Вот это был вопрос на сон грядущий! И он понял, что он сам тоже никогда об этом не задумывался.
А действительно, кто их может различить, если они все – русские? Чем они друг от друга отличаются или должны отличаться, особенно когда одеты в одежду, купленную в одних и тех же харбинских магазинах? Александру Петровичу подумалось, что сейчас этот вопрос, наверное, не стоит таких сложных размышлений, он только понял, что тот молодой человек в вагоне-ресторане, оказавшийся советским гражданином, сам того не желая, нарушил границы мира его жены и она к этому ненарочному нарушению оказалась не готова. Он тогда отвлёк её на что-то, и через несколько секунд она об этом забыла.
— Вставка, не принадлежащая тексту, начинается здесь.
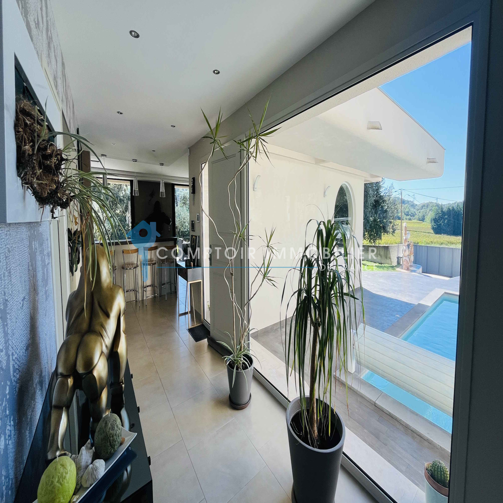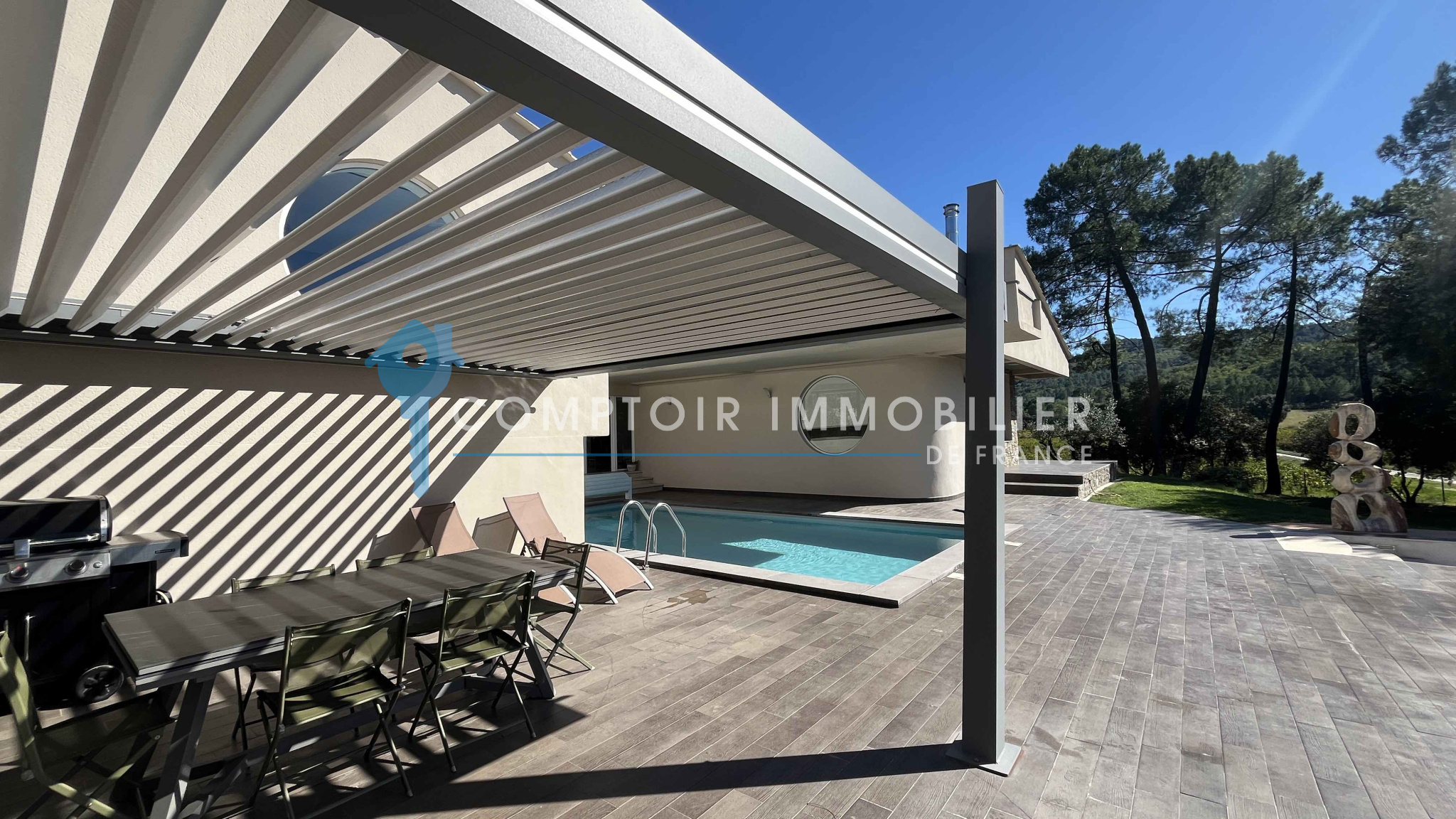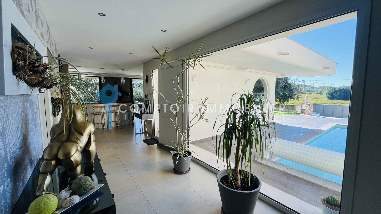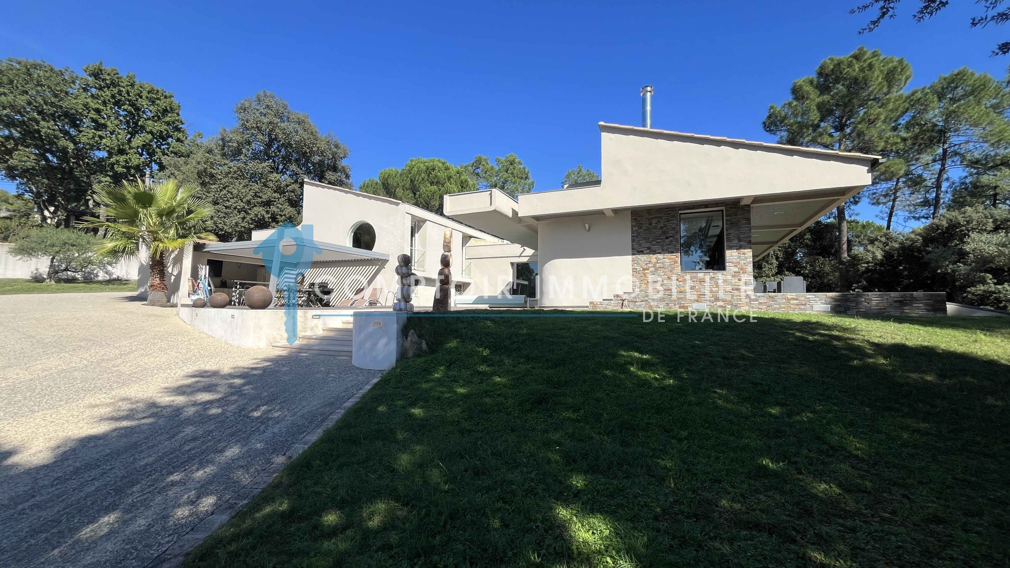 En bordure de la vallée de la Cèze et ses villages classés : Villa atypique, offrant un art de vivre paisible et raffiné. Signée d'un architecte, de style contemporain de grand standing, elle se niche au cœur d’un immense parc boisé de presque 7000 m2, parfaitement entretenu. Dès l’entrée, vous serez séduits par les volumes généreux offrant plus de 250m2 habitables, avec une luminosité exceptionnelle qu’offrent les larges baies vitrées ouvertes sur la nature. La villa se compose de 4 chambres spacieuses, dont une suite parentale avec dressing et salle d'eau privative avec patio zen. Une salle de bain et 2 wc viennent compléter ses prestations. Le vaste espace de vie et son poêle à bois chaleureux s’ouvre sur une superbe terrasse menant à la piscine et à son pool house, invitant à la détente et à la convivialité. En souplex vous attendent pour votre bien être, une salle de sport de grand volume et une buanderie. Les prestations sont de très belles factures : Architecture contemporaine et lignes épurées, Vue dégagée, Garage de 70m2 (transformable en habitation) et double carport, Climatisation réversible par pompe à chaleur, domotique, et finitions haut de gamme, Un espace extérieur clôturé de plus de 6700m2 avec tennis. Un bien rare où confort moderne, esthétique et cadre naturel se conjuguent à la perfection. Localisation : en campagne à proximité des commodités et des axes principaux (30 mn environ A9 et A7. Un Bien d’exception.

С этой мыслью Александр Петрович снова взялся за очерки профессора Устрялова, на душе стало покойно, он уже раскрыл их, но тут же отложил: «А как всё-таки затронул её душу этот отрывок, про мавзолей! Но как можно об этом судить и ей, да и мне тоже, если мы там не были и этого не видели? И зачем я соврал ей, что говорил об этом с Николаем Васильевичем? Чего-то я… в общем?.. – И он принялся листать, но уже не по сделанным закладкам, а наугад: – Тут было что-то близкое, будто специально на эту тему». – Он перелистывал страницу за страницей и вспомнил: – Вот: «Нет привычных костылей…» Да, вот это я хотел найти: «…Нет привычных костылей, нет удобного карманного компаса, приходится ориентироваться «по звёздам». Комнатным людям с непривычки это трудно!..»
«Комнатные люди…» – это мы, – думал Александр Петрович, – «…не отстают от своих маленьких компасиков, игнорируя бушующую «магнитную бурю». И беспомощно блуждают: такие жалкие-жалкие…»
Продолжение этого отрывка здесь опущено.